Is it the turning from summer to fall that brings out these stories? Many an autumn begins with cooler temperatures, kids heading back to school, and articles about the changing landscape of Religion in America. That’s an odd combination, but so it goes.
A few weeks ago, I attended the opening lecture at the University of Rhode Island’s Colloquia. This year’s series looks remarkable, and you can watch many of them online. Fortunately, URI is but 15 minutes from my home, so I was able to attend Alan Cooperman’s presentation. Dr. Cooperman is a research fellow at the Pew Research Center. His plethora of slides and charts confirmed the narrative most of my readers are already familiar with. Namely, religion is in decline in America, but not around the world. A few stats for you:
Christians were 78% of the US population in 2007, today they make up 65%
Nones* were 16% of the US in 2007, today they make up 26%
*Nones are persons who select “No Preference” when surveyed in the Pew Research. What’s striking is that 61% of all Nones say they believe in God. They are Spiritual but not Religious, after all.
Younger generations are less likely to identify. The long term trend is toward a less religiously active US American society.
Why is this decline happening?
There are several theories. The online journal Five-Thirty-Eight recently ran an article describing one approach, which is the so-called political theory of religious decline. In brief, it states that as conservative or fundamentalist religion is helping to drive younger and or more liberal thinkers away from religion. There is some evidence already. If a person is not connected to a faith community, and the only information you get is from television or social media, you might conclude religion equates with conservative politics. The 538 article describes this theory quite well.
But there are other theories as well. One is the Affluence theory, which states that as a society becomes more affluent, it becomes less religious. There is a good deal of evidence to corroborate this theory around the globe; however, two exceptions. One is China which is both not economically affluent (despite public perceptions) and not religious. The other is the United States which is prosperous and religious (despite recent declines we are still much more religious than other countries).
Other theories center on increasing loneliness (the Bowling Alone theory, which notes the decline in organized bowling leagues). The marriage theory (which states that there is more intermarriage today and thus less participation in one of the faith traditions.)
In my recent interview with Dwight Zscheile, who wrote the provocatively titled “Will the ELCA be Gone in 30 years?”, he sites the work of the Canadian Social theorist Charles Taylor who describes a shift in how North Americans find meaning. The chart (see above) in the article on the 30-year decline of the ELCA reveals that the top three places where people find purpose in life and Family (by far the highest) career followed by money. Faith or Spirituality show up as number four. That’s a dramatic shift from earlier in the mid and late twentieth century where many people found meaning in the organizations they belonged. Church, the Grange Hall, and the Bowling league were community-building connections. Now, not as much, and certainly not so much the younger the generation.
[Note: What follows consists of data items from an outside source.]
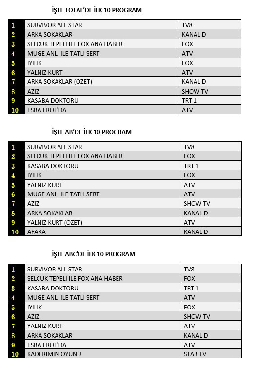 Total'de 1. sırada TV8’de ekrana gelen “Survivor All Star”, 2. sırada Kanal D’de izleyiciyle buluşan “Arka Sokaklar”, 3. sırada “Selçuk Tepeli İle Fox Ana Haber” yer aldı.
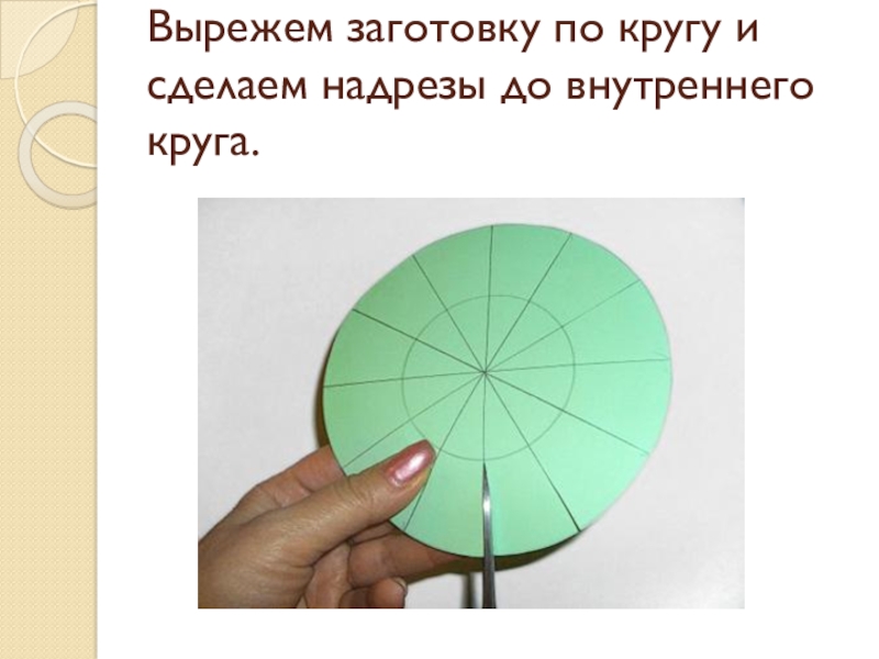 Слайд 4Вырежем заготовку по кругу и сделаем надрезы до внутреннего круга.
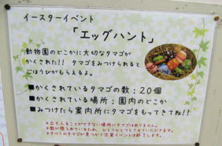 埼玉県こども動物自然公園で「Happy Easter Peter Rabbit 2011」のイベントが開催されました。イベント期間中の土曜日・日曜日・祝日は、エッグハントが行われ、園内のどこかにイースターエッグが隠され、それを見つけるとご褒美がもらえるというもの。 9時半の開園に少し遅れて入場すると、ピーターとベンジャミンがゲストを出迎えてくれました。 ![]() 男の子が「ベンジャミン」と駆け寄ります。 あと一歩というとこで「やっぱりこわい〜」と引き返します。 ![]() ピーターが子供達に手を振ります。 「ピーター」と女の子たちが駆け寄ります。 それを見たベンジャミン、ちょっぴり寂しそうです。全国のベンジャミンファンの子供たち、ベンジャミンを慰めてあげてくださいね。 入場ゲートのお知らせボードにエッグハントの遊び方とヒントがあります。隠されているイースターエッグの数は全部で20個。 ヒントは10個なので、ヒントの場所一か所につき1〜3個あるということに。 ![]() 開門と同時に一目散に走って入った子供たちは、ピーターラビットの森で既に見つけた様子。 まだオープンしたばかりというのに、コアラのいる東園側に向かう彩ポッポは満員で、その場所には確実に4個のエッグが隠されている。 東園に徒歩で向かっても間に合わないと判断し、西側の高台にいるサイチョウ(写真)コーナーに向かいました。 ![]() この日は、気温10度以下という4月なのにとても寒い一日でしたが、エッグ探しに夢中になっている間は寒さを感じません。そうこうする内に、とうとう植え込みの雑草の茂みに頭だけ出した状態で「あった〜!!」と見つけました。 イースターエッグは発砲スチールでエッグ型に切り取られ、彩色されたもの。透明のケースの中に入れられていました。周囲には誰も見当たらず、おかげで見つけることができました。サイチョウさん、ありがとう〜。 ![]() イースターエッグも見つけることができ、ようやくコアラのいる東園に到着。お母さんに抱っこされる赤ちゃんコアラ。 耳を折りたたみ、首を丸めて寝るコアラ。寝姿はクマのようにも見えたりして。 ![]() ワラビーも赤ちゃんがお腹の袋の中にいました。 カンガルーの親子? 袋の中から顔をちょこっとのぞかせる姿の可愛いこと。 ![]() 「エッグ見つけた!?」と思ったら、タマゴの展示コーナーでした。 東園は、アスレチック広場とピクニック広場がありましたが、どちらも子供たちの大人気エリアでイースターエッグは見つかりそうもありません。 ![]() イースターエッグは、案内所でご褒美に交換します。「どちらがよろしいですか?」と差し出されたご褒美は、埼玉県こども動物自然公園オリジナルのピーターラビットクリアファイルと、かすみ草の種が入ったピーターラビット種カードでした。そこでクリアファイルをいただくことに。 イースター・エッグハントのイベントを満喫して、午後は園内にある大東文化大学ビアトリクス・ポター資料館の開館5周年記念特別講演と特別企画に参加しました。 (2011.4.4 レポート 作成: ラピータ ラピータの部屋コンテンツ) 関連サイト:埼玉県こども動物自然公園: http://www.aya.or.jp/~sczoo/ |

As my wife and other pastors have noted, increasingly younger generations are coming to worship and then leaving. They don’t stay for social time or a BBQ. They have their social connections elsewhere. They are coming, if they are coming, for a specific reason, namely spiritual growth and nourishment in worship.
The Zscheile interview and article discuss the proverbial what can we do about it? But, I want to close with one other finding from Pew. The impact on the broader cultural and civic well being of a less religious society.
According to Pew, less religiously engaged persons also participate in less vigorously in civic life. They volunteer less, they are less generous, and they are less civically involved, including lower frequencies of voting. Even if your Uncle Harry is of the mindset that a less religious society is fine so we get rid of all that superstition. They should be concerned if for no other reason that less religion means less participation in democracy. And that should concern all of us, from the atheist to the agnostic to the faithful churchgoer.